Das Lasersystem lässt sich optional um weiteres Zubehör, wie z.B. eine Absaugung- und Filtereinheit, erweitern. Es ist mit seinen Abmessungen von 475 x 795 x 300 mm für seine Leistungsklasse recht kompakt. Auch durch die Betriebslautstärke des Geräts von max. 60 db(A) wird die Grenze zwischen Büro und Produktion weiter aufgelockert.

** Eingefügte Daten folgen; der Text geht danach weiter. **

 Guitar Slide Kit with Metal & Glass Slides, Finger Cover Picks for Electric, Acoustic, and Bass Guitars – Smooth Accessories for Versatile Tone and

Kennzeichnungsschilder aus PC oder PP

Mit dem LM1 Lasersystem können Kennzeichnungsschilder automatisiert beschriftet werden. Schilder aus Polycarbonat und Polypropylen (PC/PP) werden hierzu direkt im Einlegeschacht gestapelt. Für Laseraufträge aus Alu-, Edelstahl- oder Laserfolienmaterial werden die Kennzeichnungsschilder zunächst auf einer variablen Grundplatte platziert und dann in den Einlegeschacht eingeführt. Sind in einem Druckjob verschiedene Druckmaterialen enthalten, wird die jeweilige Anzahl durch Trennmatten beim Typwechsel sichergestellt. Das Umrüsten von einem Druckjob auf einen anderen erfolgt mit wenigen Handgriffen. Die fertig beschrifteten Kennzeichnungsschilder werden lose gestapelt in einem abnehmbaren Auffangbehälter ausgegeben. Dieser Auffangbehälter kann auf Wunsch durch firmenspezifische Lagersystemboxen ausgetauscht werden.

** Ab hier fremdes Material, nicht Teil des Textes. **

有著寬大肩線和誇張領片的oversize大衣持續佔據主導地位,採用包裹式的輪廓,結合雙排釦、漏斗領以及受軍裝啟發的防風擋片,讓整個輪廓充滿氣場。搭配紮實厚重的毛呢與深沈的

Einfache Bedienung der Laserstation

Das Handling der Laserstation ist denkbar einfach. Sie lässt sich via USB-Port oder Ethernet über einen PC und die Kennzeichnungssoftware ACS bedienen. Der Anwender bestimmt über die ACS-Software den Schwärzungsgrad der Beschriftung und wählt Zahlen, Symbole, Logos und Schriften aus. Die Software lässt sich intuitiv bedienen.

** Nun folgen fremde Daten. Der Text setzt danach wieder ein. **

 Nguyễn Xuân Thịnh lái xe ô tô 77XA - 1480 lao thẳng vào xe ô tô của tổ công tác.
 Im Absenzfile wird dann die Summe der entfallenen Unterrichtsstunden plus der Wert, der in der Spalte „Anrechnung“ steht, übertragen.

Das Laserbeschriftungssystem kennzeichnet sich neben geringen Anschaffungs- durch geringe Betriebs- und Wartungskosten. Zum einen benötigt der Lasermarkierer laut Murrplastik kein Verbrauchsmaterial, zum anderen arbeitet das System nahezu servicefrei. Die Leistungsaufnahme beträgt 0,5 kW.

Auf den Drucker abgestimmte Kennzeichnungsmaterialien

Das Unternehmen bietet ein Komplettsystem für alle Kennzeichnungsaufgaben. Neben unterschiedlichen Kennzeichnungstechniken vom Thermotransfer-Drucker über diverse Inkjet-Drucker bis hin zum LM1 Laserbeschriftungssystem bietet es darauf abgestimmte Kennzeichnungsmaterialien. Ein Großteil der Materialien sind halogenfrei, entsprechen der V0–Brandklasse, sind temperaturbeständig bis 140 °C und besitzen eine Bahn und Kfz-Zulassung.